## Exercise description
If pictures appear among the lines below, leave them out while you return exactly the lines from the one with "Why It’s a Grail." through the one with "Pieza tejida en".

## Information given
◆ ◆ ◆

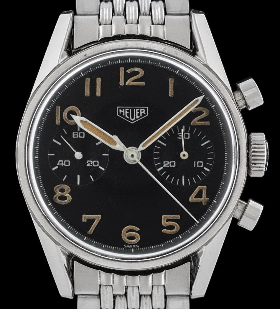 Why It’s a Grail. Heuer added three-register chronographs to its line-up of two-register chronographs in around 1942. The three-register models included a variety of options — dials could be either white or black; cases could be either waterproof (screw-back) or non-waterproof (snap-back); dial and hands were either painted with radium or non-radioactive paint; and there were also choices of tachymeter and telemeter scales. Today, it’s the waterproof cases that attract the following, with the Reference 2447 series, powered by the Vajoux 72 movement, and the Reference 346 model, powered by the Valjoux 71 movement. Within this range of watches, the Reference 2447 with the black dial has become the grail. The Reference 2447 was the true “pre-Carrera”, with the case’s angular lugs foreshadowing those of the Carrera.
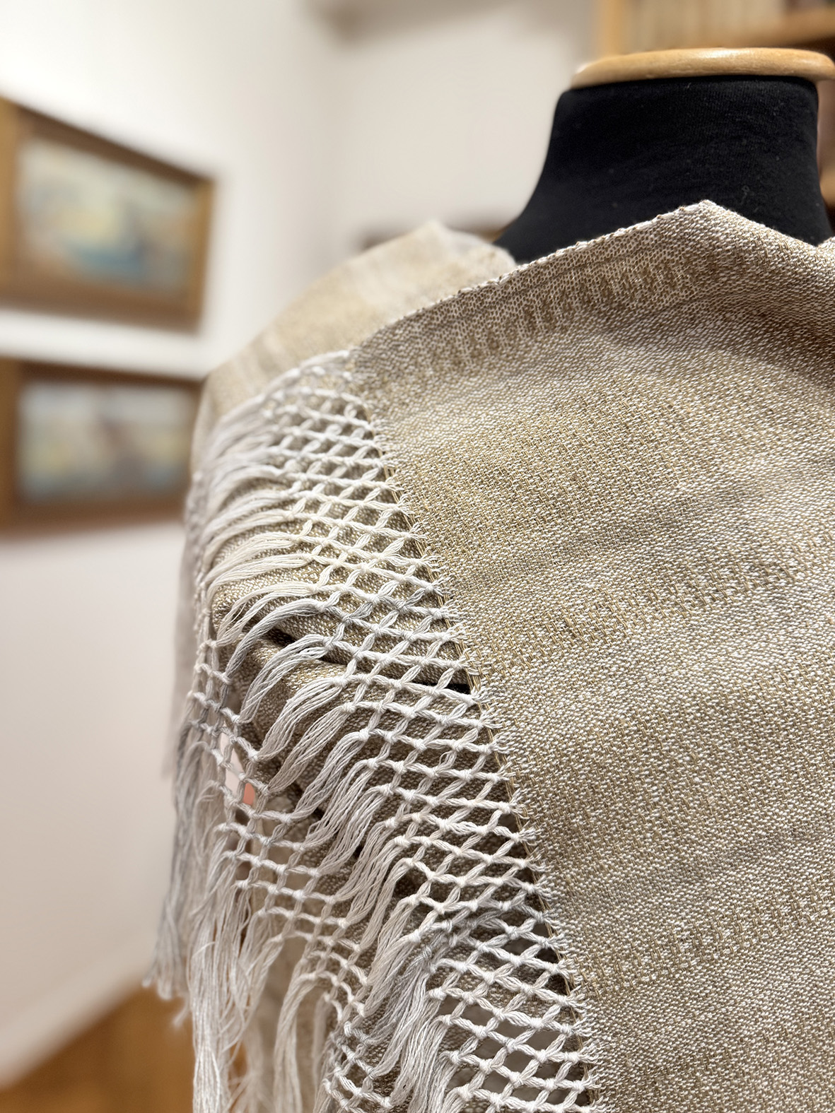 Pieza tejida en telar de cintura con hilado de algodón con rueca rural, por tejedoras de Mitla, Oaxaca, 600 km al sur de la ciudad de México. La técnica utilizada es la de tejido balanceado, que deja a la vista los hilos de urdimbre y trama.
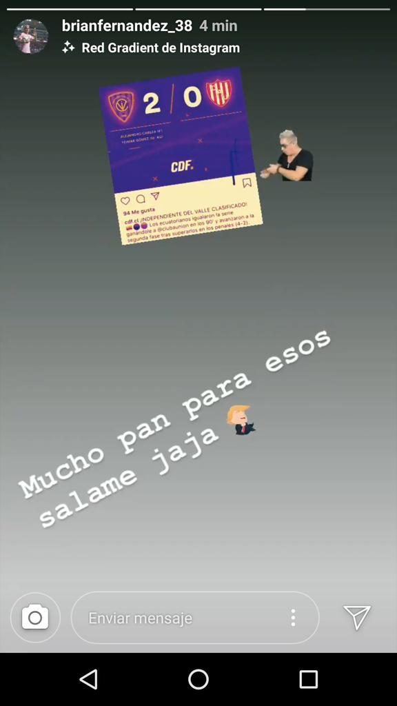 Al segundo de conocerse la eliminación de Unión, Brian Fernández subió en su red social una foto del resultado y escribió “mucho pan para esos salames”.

◆ ◆ ◆

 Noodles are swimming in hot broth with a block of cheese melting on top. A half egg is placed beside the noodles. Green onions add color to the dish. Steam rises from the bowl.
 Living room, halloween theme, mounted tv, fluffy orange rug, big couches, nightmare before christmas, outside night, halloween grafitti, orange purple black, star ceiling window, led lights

◆ ◆ ◆

## Task solution
 Why It’s a Grail. Heuer added three-register chronographs to its line-up of two-register chronographs in around 1942. The three-register models included a variety of options — dials could be either white or black; cases could be either waterproof (screw-back) or non-waterproof (snap-back); dial and hands were either painted with radium or non-radioactive paint; and there were also choices of tachymeter and telemeter scales. Today, it’s the waterproof cases that attract the following, with the Reference 2447 series, powered by the Vajoux 72 movement, and the Reference 346 model, powered by the Valjoux 71 movement. Within this range of watches, the Reference 2447 with the black dial has become the grail. The Reference 2447 was the true “pre-Carrera”, with the case’s angular lugs foreshadowing those of the Carrera.
 Pieza tejida en telar de cintura con hilado de algodón con rueca rural, por tejedoras de Mitla, Oaxaca, 600 km al sur de la ciudad de México. La técnica utilizada es la de tejido balanceado, que deja a la vista los hilos de urdimbre y trama.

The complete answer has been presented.